■ **WHAT IS EXPECTED**
Write out each line of the entries exactly, starting at the first and finishing with the line that contains "Je tam mimo".
(SOURCE MATERIAL Opens)
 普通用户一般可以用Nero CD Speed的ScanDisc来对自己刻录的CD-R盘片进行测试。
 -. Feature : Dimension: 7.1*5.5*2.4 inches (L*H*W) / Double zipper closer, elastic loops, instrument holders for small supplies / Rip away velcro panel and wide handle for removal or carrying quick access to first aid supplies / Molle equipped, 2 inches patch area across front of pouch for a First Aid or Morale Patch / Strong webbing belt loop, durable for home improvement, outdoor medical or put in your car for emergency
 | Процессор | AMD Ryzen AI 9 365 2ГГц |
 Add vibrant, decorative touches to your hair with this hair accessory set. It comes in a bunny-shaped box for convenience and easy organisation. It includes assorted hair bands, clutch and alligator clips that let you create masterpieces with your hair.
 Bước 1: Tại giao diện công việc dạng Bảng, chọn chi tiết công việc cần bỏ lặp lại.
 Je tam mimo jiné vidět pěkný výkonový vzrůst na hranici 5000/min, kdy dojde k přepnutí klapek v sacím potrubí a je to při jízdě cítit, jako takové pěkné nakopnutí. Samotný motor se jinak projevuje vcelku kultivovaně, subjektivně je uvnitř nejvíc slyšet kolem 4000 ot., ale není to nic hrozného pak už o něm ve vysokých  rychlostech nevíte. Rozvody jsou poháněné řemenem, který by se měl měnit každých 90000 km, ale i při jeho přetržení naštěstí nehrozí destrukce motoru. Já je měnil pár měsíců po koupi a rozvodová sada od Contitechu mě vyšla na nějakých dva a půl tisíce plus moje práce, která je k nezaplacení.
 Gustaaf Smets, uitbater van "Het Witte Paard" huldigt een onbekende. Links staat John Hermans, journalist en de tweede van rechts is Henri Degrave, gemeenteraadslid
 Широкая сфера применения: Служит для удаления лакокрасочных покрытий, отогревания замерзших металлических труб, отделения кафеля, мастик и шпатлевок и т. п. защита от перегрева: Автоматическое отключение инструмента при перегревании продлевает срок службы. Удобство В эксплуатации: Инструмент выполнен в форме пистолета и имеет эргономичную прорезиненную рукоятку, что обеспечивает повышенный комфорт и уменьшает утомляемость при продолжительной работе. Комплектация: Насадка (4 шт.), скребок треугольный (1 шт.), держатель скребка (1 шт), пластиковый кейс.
(SOURCE MATERIAL Closes)
■ **RESULT BELOW**
 普通用户一般可以用Nero CD Speed的ScanDisc来对自己刻录的CD-R盘片进行测试。
 -. Feature : Dimension: 7.1*5.5*2.4 inches (L*H*W) / Double zipper closer, elastic loops, instrument holders for small supplies / Rip away velcro panel and wide handle for removal or carrying quick access to first aid supplies / Molle equipped, 2 inches patch area across front of pouch for a First Aid or Morale Patch / Strong webbing belt loop, durable for home improvement, outdoor medical or put in your car for emergency
 | Процессор | AMD Ryzen AI 9 365 2ГГц |
 Add vibrant, decorative touches to your hair with this hair accessory set. It comes in a bunny-shaped box for convenience and easy organisation. It includes assorted hair bands, clutch and alligator clips that let you create masterpieces with your hair.
 Bước 1: Tại giao diện công việc dạng Bảng, chọn chi tiết công việc cần bỏ lặp lại.
 Je tam mimo jiné vidět pěkný výkonový vzrůst na hranici 5000/min, kdy dojde k přepnutí klapek v sacím potrubí a je to při jízdě cítit, jako takové pěkné nakopnutí. Samotný motor se jinak projevuje vcelku kultivovaně, subjektivně je uvnitř nejvíc slyšet kolem 4000 ot., ale není to nic hrozného pak už o něm ve vysokých  rychlostech nevíte. Rozvody jsou poháněné řemenem, který by se měl měnit každých 90000 km, ale i při jeho přetržení naštěstí nehrozí destrukce motoru. Já je měnil pár měsíců po koupi a rozvodová sada od Contitechu mě vyšla na nějakých dva a půl tisíce plus moje práce, která je k nezaplacení.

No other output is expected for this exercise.